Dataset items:
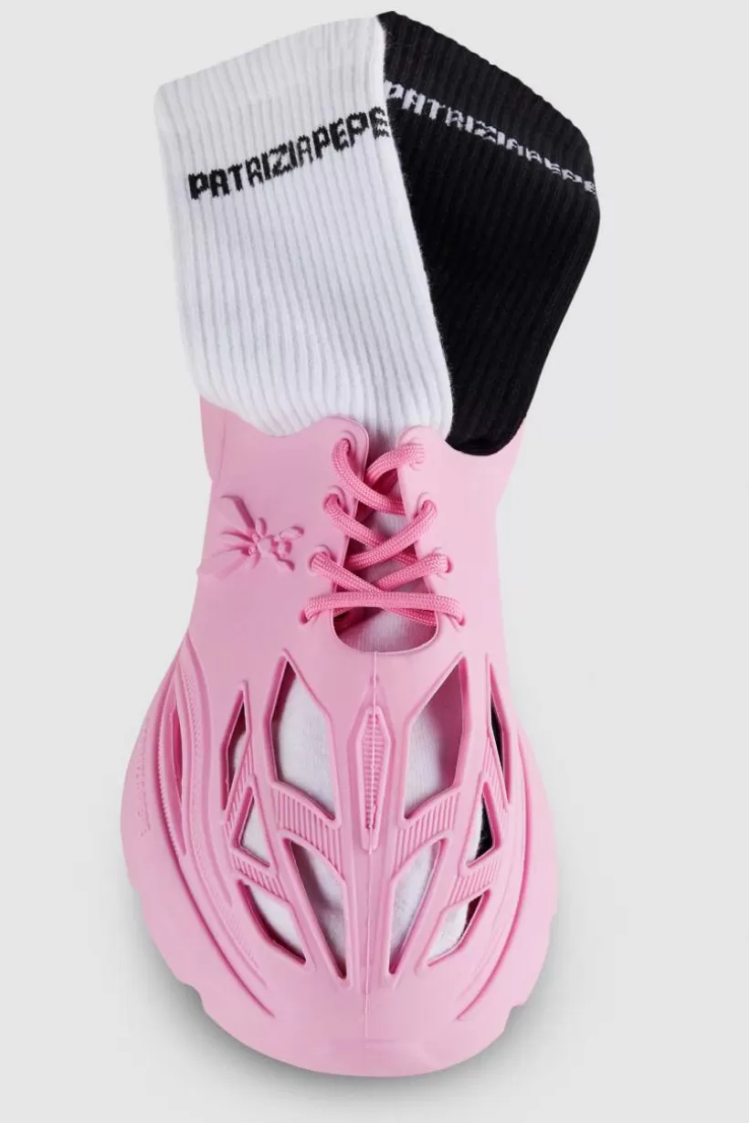 Sneakersy Gummy Pepe są wykonane z gumy z wytłoczonym detalem Fly i spersonalizowaną podeszwą. Wyróżniają się podwójnymi, dopasowanymi sznurówkami, w zestwie również dopasowane skarpetki frotte marki Patrizia Pepe.
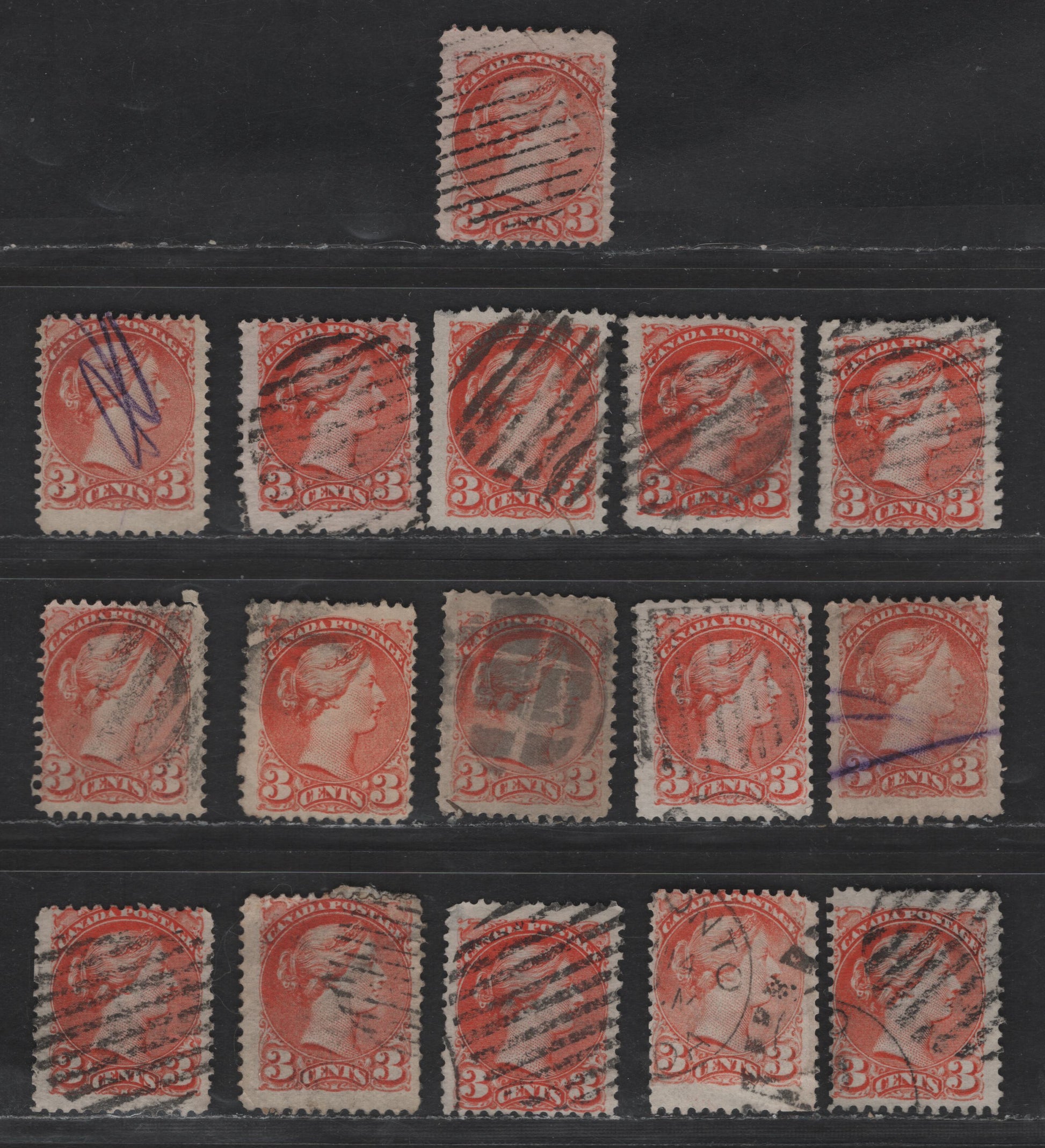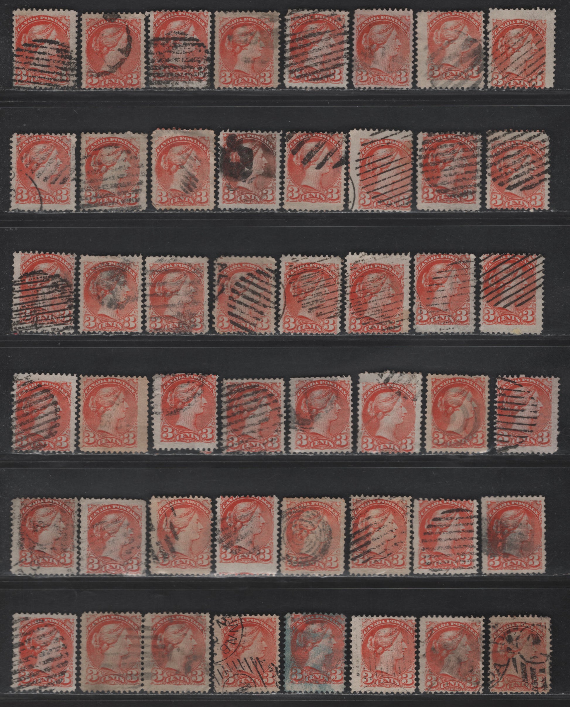 Lot 384 Canada SC#37 3c Red Orange, Bright Red Orange & Orange Queen Victoria, 1870-1893 Small Queen Issue, 60 Ungraded Singles, Mid to Late Montreal Printings, Various Papers, Perf 12, No Pos. Dots
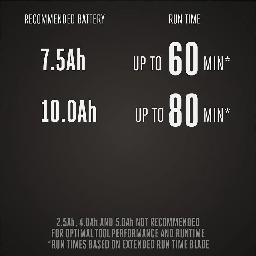 - Up to 60 minutes of runtime on a single charge with the recommended 56V 7.5Ah ARC Lithium™ battery
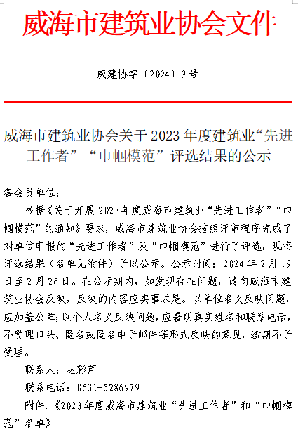 >威建協(xié)字2024年9號威海市建筑業(yè)協(xié)會關于對2023年度“先進工作者”“巾幗模范”評選結果的公示
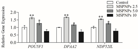 Relative expression of POU5F1, DPPA2, and NDP52 mRNA transcripts in cloned blastocysts obtained from oocytes supplemented with varying concentrations of MSmPNPs (0, 2.5, 5.0, and 10 µg/mL) in maturation media. Each sample consisted of five blastocysts and three times replicate. * Indicates that there is a significant difference in mRNA values between each group (p < 0.05). ** Indicates that there is a significant difference in mRNA values at p < 0.01.
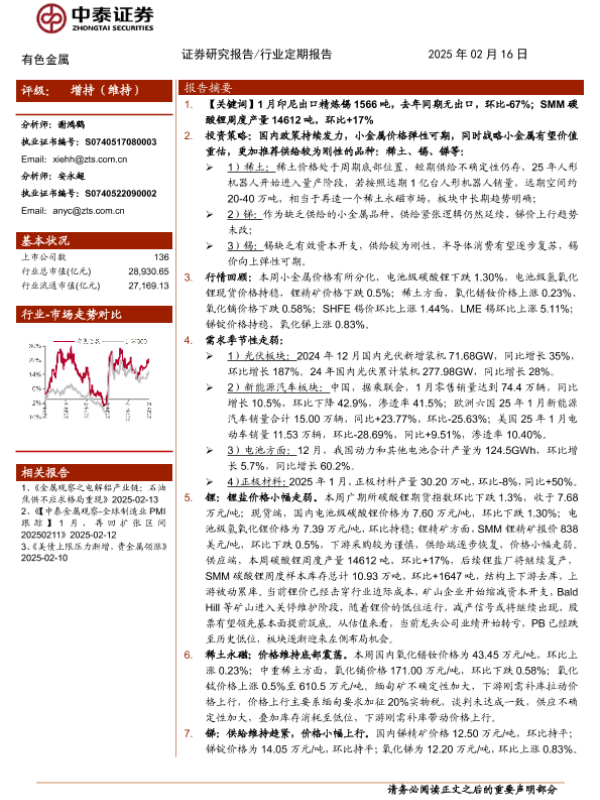 【中泰证券】【20250216】有色金属行业:供给恢复,锂价小幅走弱-25页 行业研究
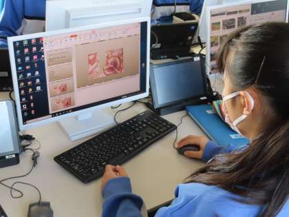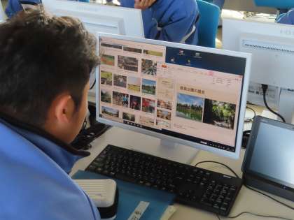 2Aは技術です。修学旅行で行く、京都奈良についての説明用のパワーポイントを作成していました。色んな事について調べていました。

=== What the task asks ===
Copy the data above line for line, skipping every picture.

=== Answer section ===
 Sneakersy Gummy Pepe są wykonane z gumy z wytłoczonym detalem Fly i spersonalizowaną podeszwą. Wyróżniają się podwójnymi, dopasowanymi sznurówkami, w zestwie również dopasowane skarpetki frotte marki Patrizia Pepe.
 Lot 384 Canada SC#37 3c Red Orange, Bright Red Orange & Orange Queen Victoria, 1870-1893 Small Queen Issue, 60 Ungraded Singles, Mid to Late Montreal Printings, Various Papers, Perf 12, No Pos. Dots
 - Up to 60 minutes of runtime on a single charge with the recommended 56V 7.5Ah ARC Lithium™ battery
 >威建協(xié)字2024年9號威海市建筑業(yè)協(xié)會關于對2023年度“先進工作者”“巾幗模范”評選結果的公示
 Relative expression of POU5F1, DPPA2, and NDP52 mRNA transcripts in cloned blastocysts obtained from oocytes supplemented with varying concentrations of MSmPNPs (0, 2.5, 5.0, and 10 µg/mL) in maturation media. Each sample consisted of five blastocysts and three times replicate. * Indicates that there is a significant difference in mRNA values between each group (p < 0.05). ** Indicates that there is a significant difference in mRNA values at p < 0.01.
 【中泰证券】【20250216】有色金属行业:供给恢复,锂价小幅走弱-25页 行业研究
 2Aは技術です。修学旅行で行く、京都奈良についての説明用のパワーポイントを作成していました。色んな事について調べていました。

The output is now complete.